_Task instructions_
Make an exact copy of the listing below. Pictures stay out of it.

_Recorded data_
════════

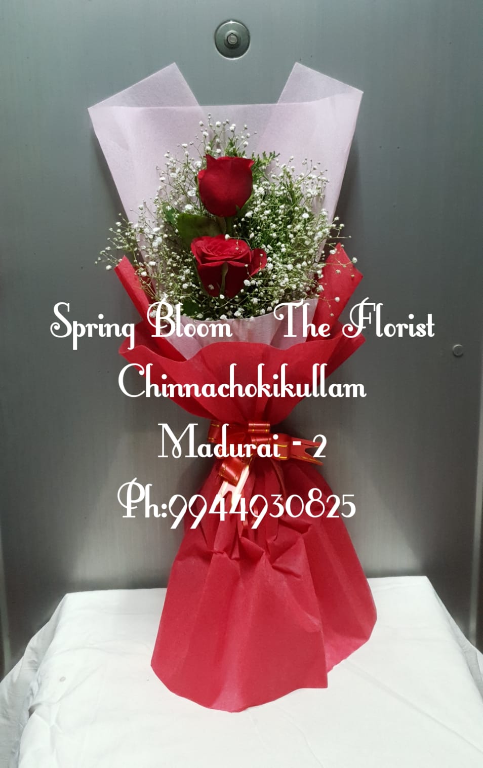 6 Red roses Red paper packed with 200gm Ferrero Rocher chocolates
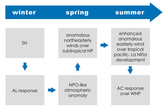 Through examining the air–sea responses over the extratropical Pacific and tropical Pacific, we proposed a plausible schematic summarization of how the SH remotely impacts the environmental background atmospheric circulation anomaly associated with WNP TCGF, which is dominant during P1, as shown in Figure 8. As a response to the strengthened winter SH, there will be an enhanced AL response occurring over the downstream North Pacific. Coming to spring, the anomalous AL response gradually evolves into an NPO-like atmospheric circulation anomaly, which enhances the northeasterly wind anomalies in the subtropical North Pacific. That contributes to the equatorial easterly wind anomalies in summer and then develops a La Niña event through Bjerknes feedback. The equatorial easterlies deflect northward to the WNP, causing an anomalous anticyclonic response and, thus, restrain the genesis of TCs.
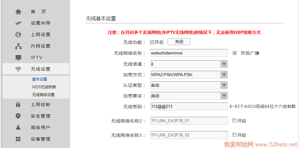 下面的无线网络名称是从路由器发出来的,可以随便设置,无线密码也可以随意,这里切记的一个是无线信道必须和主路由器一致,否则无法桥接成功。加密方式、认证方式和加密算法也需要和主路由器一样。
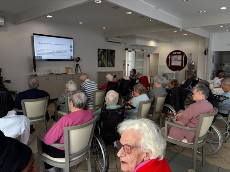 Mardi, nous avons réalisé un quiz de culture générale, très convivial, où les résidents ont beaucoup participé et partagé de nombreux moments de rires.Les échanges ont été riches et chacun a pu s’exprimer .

════════

_Expected output_
 6 Red roses Red paper packed with 200gm Ferrero Rocher chocolates
 Through examining the air–sea responses over the extratropical Pacific and tropical Pacific, we proposed a plausible schematic summarization of how the SH remotely impacts the environmental background atmospheric circulation anomaly associated with WNP TCGF, which is dominant during P1, as shown in Figure 8. As a response to the strengthened winter SH, there will be an enhanced AL response occurring over the downstream North Pacific. Coming to spring, the anomalous AL response gradually evolves into an NPO-like atmospheric circulation anomaly, which enhances the northeasterly wind anomalies in the subtropical North Pacific. That contributes to the equatorial easterly wind anomalies in summer and then develops a La Niña event through Bjerknes feedback. The equatorial easterlies deflect northward to the WNP, causing an anomalous anticyclonic response and, thus, restrain the genesis of TCs.
 下面的无线网络名称是从路由器发出来的,可以随便设置,无线密码也可以随意,这里切记的一个是无线信道必须和主路由器一致,否则无法桥接成功。加密方式、认证方式和加密算法也需要和主路由器一样。
 Mardi, nous avons réalisé un quiz de culture générale, très convivial, où les résidents ont beaucoup participé et partagé de nombreux moments de rires.Les échanges ont été riches et chacun a pu s’exprimer .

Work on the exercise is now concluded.